* **Required work**
Pictures aside, print all of the data below exactly as written.

(Data section Opens)

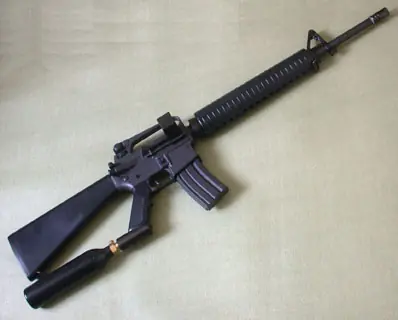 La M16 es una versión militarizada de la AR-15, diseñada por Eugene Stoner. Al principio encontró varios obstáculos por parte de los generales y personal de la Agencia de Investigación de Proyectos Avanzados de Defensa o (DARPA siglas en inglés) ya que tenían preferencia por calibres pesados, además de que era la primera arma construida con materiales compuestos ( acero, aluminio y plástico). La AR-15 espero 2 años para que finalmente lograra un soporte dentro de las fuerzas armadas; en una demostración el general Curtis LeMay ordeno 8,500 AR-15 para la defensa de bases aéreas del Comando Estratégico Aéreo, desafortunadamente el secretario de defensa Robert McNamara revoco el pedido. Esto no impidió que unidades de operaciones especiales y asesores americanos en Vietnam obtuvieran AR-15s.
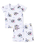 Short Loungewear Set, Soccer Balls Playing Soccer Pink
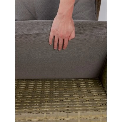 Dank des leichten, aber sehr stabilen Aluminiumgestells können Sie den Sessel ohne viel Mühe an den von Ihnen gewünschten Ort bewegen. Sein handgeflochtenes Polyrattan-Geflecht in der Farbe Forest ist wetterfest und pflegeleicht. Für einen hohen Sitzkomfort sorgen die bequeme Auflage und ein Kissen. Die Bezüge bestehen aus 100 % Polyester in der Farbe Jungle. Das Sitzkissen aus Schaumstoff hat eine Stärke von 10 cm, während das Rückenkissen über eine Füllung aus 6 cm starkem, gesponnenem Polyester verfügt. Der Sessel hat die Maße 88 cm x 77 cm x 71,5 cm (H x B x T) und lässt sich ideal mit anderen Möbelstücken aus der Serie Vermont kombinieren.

(Data section Closes)

* **Result of this exercise**
 La M16 es una versión militarizada de la AR-15, diseñada por Eugene Stoner. Al principio encontró varios obstáculos por parte de los generales y personal de la Agencia de Investigación de Proyectos Avanzados de Defensa o (DARPA siglas en inglés) ya que tenían preferencia por calibres pesados, además de que era la primera arma construida con materiales compuestos ( acero, aluminio y plástico). La AR-15 espero 2 años para que finalmente lograra un soporte dentro de las fuerzas armadas; en una demostración el general Curtis LeMay ordeno 8,500 AR-15 para la defensa de bases aéreas del Comando Estratégico Aéreo, desafortunadamente el secretario de defensa Robert McNamara revoco el pedido. Esto no impidió que unidades de operaciones especiales y asesores americanos en Vietnam obtuvieran AR-15s.
 Short Loungewear Set, Soccer Balls Playing Soccer Pink
 Dank des leichten, aber sehr stabilen Aluminiumgestells können Sie den Sessel ohne viel Mühe an den von Ihnen gewünschten Ort bewegen. Sein handgeflochtenes Polyrattan-Geflecht in der Farbe Forest ist wetterfest und pflegeleicht. Für einen hohen Sitzkomfort sorgen die bequeme Auflage und ein Kissen. Die Bezüge bestehen aus 100 % Polyester in der Farbe Jungle. Das Sitzkissen aus Schaumstoff hat eine Stärke von 10 cm, während das Rückenkissen über eine Füllung aus 6 cm starkem, gesponnenem Polyester verfügt. Der Sessel hat die Maße 88 cm x 77 cm x 71,5 cm (H x B x T) und lässt sich ideal mit anderen Möbelstücken aus der Serie Vermont kombinieren.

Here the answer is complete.